- [Input]:
- - -
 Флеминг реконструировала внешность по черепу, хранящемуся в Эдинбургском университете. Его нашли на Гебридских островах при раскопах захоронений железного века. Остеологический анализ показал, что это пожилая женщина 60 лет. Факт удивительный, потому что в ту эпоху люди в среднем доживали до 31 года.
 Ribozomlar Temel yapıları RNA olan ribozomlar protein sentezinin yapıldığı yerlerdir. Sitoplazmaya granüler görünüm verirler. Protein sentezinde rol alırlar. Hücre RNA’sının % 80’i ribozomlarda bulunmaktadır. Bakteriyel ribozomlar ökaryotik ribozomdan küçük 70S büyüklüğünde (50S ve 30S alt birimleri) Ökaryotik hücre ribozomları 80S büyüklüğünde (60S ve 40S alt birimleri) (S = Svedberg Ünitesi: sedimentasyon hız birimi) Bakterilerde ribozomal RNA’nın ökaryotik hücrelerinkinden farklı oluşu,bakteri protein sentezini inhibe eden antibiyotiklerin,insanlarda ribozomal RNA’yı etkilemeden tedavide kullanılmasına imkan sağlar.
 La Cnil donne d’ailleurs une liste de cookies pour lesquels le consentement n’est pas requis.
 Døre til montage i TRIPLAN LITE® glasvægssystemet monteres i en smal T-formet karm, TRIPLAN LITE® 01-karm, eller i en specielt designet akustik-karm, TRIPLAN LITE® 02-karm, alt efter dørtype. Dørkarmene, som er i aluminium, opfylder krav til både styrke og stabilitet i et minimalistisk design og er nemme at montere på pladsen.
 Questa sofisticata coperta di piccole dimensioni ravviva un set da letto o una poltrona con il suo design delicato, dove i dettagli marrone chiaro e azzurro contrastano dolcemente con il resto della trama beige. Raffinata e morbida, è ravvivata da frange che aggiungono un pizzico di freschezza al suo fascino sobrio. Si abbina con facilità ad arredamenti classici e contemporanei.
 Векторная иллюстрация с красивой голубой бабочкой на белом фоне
- - -
- [Exercise prompt]:
Copy all lines from the material that include "design".

- [Completed task]:
 Døre til montage i TRIPLAN LITE® glasvægssystemet monteres i en smal T-formet karm, TRIPLAN LITE® 01-karm, eller i en specielt designet akustik-karm, TRIPLAN LITE® 02-karm, alt efter dørtype. Dørkarmene, som er i aluminium, opfylder krav til både styrke og stabilitet i et minimalistisk design og er nemme at montere på pladsen.
 Questa sofisticata coperta di piccole dimensioni ravviva un set da letto o una poltrona con il suo design delicato, dove i dettagli marrone chiaro e azzurro contrastano dolcemente con il resto della trama beige. Raffinata e morbida, è ravvivata da frange che aggiungono un pizzico di freschezza al suo fascino sobrio. Si abbina con facilità ad arredamenti classici e contemporanei.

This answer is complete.